Despite considerable efforts, it was not possible for the anonymous author of the articles to be identified. Mr Blackledge therefore sued ‘Persons Unknown’. He sought an injunction to prevent further harassment and publication; an order under Section 13 of the Defamation Act 2013; and damages. He was successfully awarded all three, but it was acknowledged that the Section 13 order may be the most useful.

A Section 13 order requires the operator of a website on which a defamatory statement is posted (in this case Google as the operator of BlogSpot) to remove that statement, even though the operator is not party to the action. Due to the anonymity and lack of engagement of ‘Persons Unknown’, it was accepted that the injunction and award of damages were essentially useless. Mr Justice Saini said the Section 13 order was “likely to be the only remedy that is capable of providing an effective and meaningful protection to [Mr Blackledge’s] civil rights”.

What is the law in Scotland?

A Section 13 order is not a feature of Scots law. Unlike in England, where the law on defamation is largely codified in the 2013 Act, the law in Scotland emanates from older case law and statutes, meaning that at present, there is a somewhat fragmented approach. The Scottish Government recently passed the Defamation and Malicious Publication (Scotland) Act 2021 (the “2021 Act”) which seeks to consolidate the approach in Scotland, and makes better provision for the use of social media. The Act received Royal Assent on 21 April 2021 but its substantive provisions have not yet come into force.

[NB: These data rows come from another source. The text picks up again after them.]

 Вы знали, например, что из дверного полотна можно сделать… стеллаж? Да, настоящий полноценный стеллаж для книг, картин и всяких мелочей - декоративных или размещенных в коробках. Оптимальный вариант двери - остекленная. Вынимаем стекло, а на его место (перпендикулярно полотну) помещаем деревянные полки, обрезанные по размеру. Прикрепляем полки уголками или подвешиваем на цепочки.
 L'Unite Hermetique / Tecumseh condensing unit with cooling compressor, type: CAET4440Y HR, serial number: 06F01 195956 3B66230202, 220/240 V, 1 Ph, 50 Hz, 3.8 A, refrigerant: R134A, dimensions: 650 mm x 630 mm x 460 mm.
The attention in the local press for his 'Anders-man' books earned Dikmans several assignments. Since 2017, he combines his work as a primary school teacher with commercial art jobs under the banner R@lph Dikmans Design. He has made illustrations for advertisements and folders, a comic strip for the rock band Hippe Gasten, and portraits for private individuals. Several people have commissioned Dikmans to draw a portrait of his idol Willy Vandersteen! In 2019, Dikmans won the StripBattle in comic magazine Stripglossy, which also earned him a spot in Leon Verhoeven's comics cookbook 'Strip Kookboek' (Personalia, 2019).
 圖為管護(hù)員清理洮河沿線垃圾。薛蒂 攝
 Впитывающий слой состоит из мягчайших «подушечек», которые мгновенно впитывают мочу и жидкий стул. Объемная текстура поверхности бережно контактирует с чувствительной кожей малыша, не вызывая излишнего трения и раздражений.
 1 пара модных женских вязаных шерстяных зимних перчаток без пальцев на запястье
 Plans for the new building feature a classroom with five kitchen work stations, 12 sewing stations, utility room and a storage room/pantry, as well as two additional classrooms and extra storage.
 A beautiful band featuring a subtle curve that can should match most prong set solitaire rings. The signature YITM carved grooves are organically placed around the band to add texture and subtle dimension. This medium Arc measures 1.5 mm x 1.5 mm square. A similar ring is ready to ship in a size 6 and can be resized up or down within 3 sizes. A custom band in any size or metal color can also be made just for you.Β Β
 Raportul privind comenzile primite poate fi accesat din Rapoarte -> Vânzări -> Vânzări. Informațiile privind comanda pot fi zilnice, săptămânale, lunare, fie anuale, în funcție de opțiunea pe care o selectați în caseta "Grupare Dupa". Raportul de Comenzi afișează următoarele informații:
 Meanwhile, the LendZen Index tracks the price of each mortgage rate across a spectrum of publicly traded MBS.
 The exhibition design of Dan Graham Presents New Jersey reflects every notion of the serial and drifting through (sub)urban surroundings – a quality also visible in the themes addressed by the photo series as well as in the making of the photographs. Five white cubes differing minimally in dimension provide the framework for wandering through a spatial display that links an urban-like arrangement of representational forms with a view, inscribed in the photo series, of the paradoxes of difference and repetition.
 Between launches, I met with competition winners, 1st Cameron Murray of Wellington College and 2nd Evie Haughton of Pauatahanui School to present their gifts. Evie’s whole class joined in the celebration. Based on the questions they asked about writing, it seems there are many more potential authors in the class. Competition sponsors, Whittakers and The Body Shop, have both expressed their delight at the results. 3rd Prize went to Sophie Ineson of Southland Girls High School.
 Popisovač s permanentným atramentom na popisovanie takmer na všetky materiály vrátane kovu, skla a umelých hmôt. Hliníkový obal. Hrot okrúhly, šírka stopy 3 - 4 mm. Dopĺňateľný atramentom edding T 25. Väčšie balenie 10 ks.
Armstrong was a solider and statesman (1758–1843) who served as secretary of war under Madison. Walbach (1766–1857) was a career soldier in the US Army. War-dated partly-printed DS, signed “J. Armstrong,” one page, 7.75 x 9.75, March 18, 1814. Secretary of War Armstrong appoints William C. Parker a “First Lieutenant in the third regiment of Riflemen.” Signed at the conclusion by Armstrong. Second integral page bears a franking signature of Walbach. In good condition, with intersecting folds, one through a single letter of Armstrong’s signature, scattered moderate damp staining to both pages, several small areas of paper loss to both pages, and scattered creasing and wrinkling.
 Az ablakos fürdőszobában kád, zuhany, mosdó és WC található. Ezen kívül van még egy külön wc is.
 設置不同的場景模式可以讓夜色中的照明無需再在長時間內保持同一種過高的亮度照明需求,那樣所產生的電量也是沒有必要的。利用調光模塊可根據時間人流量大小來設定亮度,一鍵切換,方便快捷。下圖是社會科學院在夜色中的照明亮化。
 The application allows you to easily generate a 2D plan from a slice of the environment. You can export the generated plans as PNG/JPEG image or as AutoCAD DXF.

Therefore, as it stands, the Scottish courts have no powers that are directly equivalent to those conferred by Section 13. The closest equivalent is Section 46 of the Court of Session Act 1988 which allows the court to grant specific relief against an illegal act which might have been prohibited by interdict. However, doubt has been expressed as to whether this would be applicable to this scenario, and in any case, it can only be used against parties to the proceedings. This suggests that, if Mr Blackledge brought this action in Scotland, he would not have an effective remedy.

In their 2017 Report on Defamation, the Scottish Government noted that there was widespread support for the introduction of provisions similar to Section 13 in Scotland. As a result, in Section 30 of the 2021 Act, the court is empowered to order that the operator of a website removes a defamatory statement which was published maliciously. This is certainly a progressive step for the law relating to defamation in Scotland, especially considering the prevalence and reach of social media. Mr Blackledge’s case highlights the potential for serious damage to an individual’s life and reputation if there is a lack of effective remedy to what may become a common scenario. No date for enforcement has been confirmed yet, but it is likely this provision will be a welcome change to the law when the Act is brought fully into force.